- Title: Founder

Personal life
- Born: Khemamal Kotra, Kalat, Balochistan, British India
- Parents: Pilamal; Tulsa Bai;

Religious life
- Religion: Sant Mat

Senior posting
- Based in: Sirsa, India
- Period in office: 1948-1960
- Successor: Shah Satnam Singh Gurbax Singh Manager

= Mastana Balochistani =

Indian guru

Mastana Balochistani, honorifically known as Shah Mastana Balochistani Ji, was an Indian saint in Radha Soami Sant Mat spiritual tradition and the founder of Dera Sacha Sauda (DSS) in Sirsa (modern Haryana). He was originally from Balochistan, and later moved to Sirsa.

==Life==

Mastana Balochistani was born as Khemamal to Pila Mal Ji and Tulsa Bai Ji, in Kalat district in Balochistan, British India.

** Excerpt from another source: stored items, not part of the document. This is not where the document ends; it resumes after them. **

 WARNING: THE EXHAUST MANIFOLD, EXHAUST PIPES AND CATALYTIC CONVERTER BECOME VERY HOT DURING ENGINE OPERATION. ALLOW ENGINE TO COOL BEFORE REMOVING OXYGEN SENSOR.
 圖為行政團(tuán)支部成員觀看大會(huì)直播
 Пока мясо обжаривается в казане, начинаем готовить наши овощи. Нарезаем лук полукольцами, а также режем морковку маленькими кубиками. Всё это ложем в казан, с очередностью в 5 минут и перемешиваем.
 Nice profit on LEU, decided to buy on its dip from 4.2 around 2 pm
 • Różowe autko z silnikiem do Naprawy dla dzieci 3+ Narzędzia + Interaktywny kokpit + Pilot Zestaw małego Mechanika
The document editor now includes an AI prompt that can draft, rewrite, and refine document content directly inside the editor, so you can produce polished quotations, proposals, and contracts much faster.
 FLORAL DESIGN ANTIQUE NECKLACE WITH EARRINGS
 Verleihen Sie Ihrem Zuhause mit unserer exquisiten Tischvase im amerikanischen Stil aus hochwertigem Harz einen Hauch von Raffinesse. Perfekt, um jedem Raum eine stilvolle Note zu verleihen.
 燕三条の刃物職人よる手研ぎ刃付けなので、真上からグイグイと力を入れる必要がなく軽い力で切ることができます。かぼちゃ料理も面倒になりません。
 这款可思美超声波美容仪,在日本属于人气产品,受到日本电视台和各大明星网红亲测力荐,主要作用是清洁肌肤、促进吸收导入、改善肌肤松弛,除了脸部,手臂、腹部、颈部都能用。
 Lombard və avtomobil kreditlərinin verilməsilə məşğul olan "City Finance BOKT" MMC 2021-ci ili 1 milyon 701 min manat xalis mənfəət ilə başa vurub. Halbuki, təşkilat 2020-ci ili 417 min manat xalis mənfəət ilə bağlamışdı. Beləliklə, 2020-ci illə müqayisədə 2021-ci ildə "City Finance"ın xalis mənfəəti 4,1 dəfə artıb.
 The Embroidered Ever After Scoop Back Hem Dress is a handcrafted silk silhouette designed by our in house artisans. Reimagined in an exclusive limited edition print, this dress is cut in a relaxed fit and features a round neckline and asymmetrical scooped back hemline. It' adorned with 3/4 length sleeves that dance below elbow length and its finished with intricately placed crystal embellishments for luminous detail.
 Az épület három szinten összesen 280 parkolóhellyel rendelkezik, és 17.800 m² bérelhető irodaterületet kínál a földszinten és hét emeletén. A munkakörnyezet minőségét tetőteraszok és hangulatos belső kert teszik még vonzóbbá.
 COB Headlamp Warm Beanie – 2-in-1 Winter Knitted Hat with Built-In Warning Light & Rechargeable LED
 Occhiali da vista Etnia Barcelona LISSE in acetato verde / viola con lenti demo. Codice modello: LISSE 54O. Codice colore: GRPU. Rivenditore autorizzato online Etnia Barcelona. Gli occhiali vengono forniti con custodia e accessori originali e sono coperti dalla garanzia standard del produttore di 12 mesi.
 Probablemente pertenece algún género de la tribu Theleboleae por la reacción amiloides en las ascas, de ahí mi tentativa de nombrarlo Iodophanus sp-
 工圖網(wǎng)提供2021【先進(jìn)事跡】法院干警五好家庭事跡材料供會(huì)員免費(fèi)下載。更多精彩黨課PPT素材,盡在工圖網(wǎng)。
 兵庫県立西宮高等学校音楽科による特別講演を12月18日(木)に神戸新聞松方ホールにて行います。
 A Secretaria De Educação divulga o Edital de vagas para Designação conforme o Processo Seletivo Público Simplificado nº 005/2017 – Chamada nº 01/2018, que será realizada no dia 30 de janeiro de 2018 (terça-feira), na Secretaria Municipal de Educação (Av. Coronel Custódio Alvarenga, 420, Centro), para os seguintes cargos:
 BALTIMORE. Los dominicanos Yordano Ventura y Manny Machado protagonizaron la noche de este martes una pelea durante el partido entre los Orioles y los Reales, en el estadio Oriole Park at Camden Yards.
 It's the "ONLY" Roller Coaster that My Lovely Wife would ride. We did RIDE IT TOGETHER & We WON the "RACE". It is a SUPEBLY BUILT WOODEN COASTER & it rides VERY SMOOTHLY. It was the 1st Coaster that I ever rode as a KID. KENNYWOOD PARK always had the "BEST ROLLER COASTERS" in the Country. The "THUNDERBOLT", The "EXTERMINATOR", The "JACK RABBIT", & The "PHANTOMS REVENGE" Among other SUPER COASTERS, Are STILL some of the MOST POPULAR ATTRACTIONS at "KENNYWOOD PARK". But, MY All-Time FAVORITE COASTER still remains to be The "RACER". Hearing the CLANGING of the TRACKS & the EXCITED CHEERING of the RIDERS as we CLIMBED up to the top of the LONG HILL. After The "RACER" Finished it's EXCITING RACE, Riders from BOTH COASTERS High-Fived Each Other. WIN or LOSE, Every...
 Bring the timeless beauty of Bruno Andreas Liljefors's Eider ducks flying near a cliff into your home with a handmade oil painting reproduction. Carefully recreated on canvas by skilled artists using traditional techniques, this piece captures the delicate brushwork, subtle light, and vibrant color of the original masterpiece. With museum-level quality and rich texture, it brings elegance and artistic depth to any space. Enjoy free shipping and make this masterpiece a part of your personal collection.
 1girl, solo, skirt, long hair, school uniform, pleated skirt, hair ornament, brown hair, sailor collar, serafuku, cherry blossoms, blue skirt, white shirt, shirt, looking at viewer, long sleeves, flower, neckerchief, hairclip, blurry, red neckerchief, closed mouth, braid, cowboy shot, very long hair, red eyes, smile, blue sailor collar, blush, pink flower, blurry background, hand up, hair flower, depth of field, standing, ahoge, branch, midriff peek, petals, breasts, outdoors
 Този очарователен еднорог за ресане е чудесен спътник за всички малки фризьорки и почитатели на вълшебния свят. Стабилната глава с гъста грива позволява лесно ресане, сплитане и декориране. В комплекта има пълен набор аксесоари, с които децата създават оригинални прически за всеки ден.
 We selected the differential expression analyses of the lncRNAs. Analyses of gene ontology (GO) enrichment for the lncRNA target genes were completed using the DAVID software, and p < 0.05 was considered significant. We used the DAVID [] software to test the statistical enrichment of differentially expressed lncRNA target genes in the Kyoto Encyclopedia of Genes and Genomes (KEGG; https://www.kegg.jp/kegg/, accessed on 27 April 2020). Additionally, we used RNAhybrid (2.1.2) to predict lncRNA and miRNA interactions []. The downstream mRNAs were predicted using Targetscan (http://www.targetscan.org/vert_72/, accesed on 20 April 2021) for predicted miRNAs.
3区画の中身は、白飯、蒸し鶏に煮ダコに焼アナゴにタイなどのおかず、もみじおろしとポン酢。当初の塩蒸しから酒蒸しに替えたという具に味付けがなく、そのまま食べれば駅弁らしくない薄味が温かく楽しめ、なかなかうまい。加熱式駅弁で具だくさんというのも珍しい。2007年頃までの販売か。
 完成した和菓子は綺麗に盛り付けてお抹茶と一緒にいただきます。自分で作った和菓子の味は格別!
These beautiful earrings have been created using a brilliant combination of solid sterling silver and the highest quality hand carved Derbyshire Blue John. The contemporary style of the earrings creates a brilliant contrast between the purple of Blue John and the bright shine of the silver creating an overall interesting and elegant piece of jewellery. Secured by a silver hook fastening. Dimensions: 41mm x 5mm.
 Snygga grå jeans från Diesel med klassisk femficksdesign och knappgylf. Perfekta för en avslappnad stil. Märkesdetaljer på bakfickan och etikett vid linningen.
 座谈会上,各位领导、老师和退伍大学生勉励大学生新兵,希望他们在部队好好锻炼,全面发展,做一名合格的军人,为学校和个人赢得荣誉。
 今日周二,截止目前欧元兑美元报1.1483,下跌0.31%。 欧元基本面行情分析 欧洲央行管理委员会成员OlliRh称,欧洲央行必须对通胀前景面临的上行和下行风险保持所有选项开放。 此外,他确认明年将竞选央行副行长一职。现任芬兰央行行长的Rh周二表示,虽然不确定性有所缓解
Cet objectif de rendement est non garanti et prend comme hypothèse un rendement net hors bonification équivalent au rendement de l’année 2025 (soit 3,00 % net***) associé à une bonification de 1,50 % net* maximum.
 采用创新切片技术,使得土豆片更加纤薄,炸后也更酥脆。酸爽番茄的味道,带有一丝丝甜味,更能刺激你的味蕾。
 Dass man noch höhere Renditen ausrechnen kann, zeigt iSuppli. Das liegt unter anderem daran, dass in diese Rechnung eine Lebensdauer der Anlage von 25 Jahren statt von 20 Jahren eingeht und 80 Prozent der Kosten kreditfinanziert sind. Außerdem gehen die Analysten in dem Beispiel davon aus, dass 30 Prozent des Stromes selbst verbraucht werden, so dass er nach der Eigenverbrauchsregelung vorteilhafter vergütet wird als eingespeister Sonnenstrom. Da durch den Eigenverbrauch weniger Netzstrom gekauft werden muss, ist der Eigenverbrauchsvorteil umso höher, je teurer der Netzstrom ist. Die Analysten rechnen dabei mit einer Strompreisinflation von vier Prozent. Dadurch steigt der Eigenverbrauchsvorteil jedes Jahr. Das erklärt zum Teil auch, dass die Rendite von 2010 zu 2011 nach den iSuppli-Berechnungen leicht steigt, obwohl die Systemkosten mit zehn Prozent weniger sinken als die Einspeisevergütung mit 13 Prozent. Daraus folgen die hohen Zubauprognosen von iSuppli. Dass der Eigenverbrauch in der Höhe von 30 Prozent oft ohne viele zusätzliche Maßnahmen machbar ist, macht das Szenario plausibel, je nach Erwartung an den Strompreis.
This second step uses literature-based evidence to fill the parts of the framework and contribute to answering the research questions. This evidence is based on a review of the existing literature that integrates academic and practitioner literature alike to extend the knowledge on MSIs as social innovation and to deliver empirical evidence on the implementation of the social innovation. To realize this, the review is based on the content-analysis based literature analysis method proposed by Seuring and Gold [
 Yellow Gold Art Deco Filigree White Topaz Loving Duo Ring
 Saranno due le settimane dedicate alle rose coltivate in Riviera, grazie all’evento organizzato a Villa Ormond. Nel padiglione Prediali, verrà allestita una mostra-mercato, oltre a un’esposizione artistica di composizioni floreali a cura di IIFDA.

Later, Baba Sawan Singh honoured him with the name of Shah 'Mastana Balochistani'. Singh further declared him "Mastana-e-Mastanon, Shah-e-Shahon". At the age of 14 years, Balochistani left home in search of a perfect spiritual Guru (teacher). At last, after searching for nine years, he reached Beas in the state of Punjab in India, where he met Baba Sawan Singh, the second Guru of Satsang Beas where he attended his Satsang (spiritual congregation). Singh entrusted Balochistani with the task of conducting spiritual discourses and teaching meditation to the people in the Pakistani provinces of Balochistan, Sindh and Punjab.

Later, Singh assigned Balochistani duty in the vicinity of Bagarh (region of northern Rajasthan and western Haryana). Balochistani established Dera Sacha Sauda and raised public awareness of Naam-Shabd. He laid the foundation of Dera Sacha Sauda in 1948 in Sirsa. He completely prohibited acceptance of donations or charity of any kind.

He emphasized truthfulness, vegetarianism, abstinence from alcohol and drugs, meditation on the inner Word, and service to humanity. Mastana Ji was also known for his compassionate acts, simplicity, and devotion to uplifting the downtrodden.

Mastana Ji attained Mahasamadhi on 18 April 1960 in Sirsa.

Following are the disciples of Mastana ji who continued His work after him.

Param Sant Gurbakhsh Singh Ji (Manager Sahib Ji) (1915–1998) – Entrusted with spiritual responsibility by Mastana Ji in 1949. Later, he founded the Shah Mastana Balochistani Ashram (Dera Jagmalwali) in Sirsa, Haryana, which continues as a spiritual center under the Sant Mat tradition.

Sant Triveni Das Ji – Spread Mastana Ji's teachings in Uttar Pradesh and Bihar, establishing satsang centers.

Other regional satsang leaders – Various devotees took up the responsibility of guiding local congregations in Punjab, Haryana, and Rajasthan, preserving Mastana Ji's message of truth, compassion, and service.

These disciples played a key role in ensuring that Mastana Ji's teachings continued beyond the Dera Sacha Sauda, each contributing to the spread of Sant Mat in their own regions.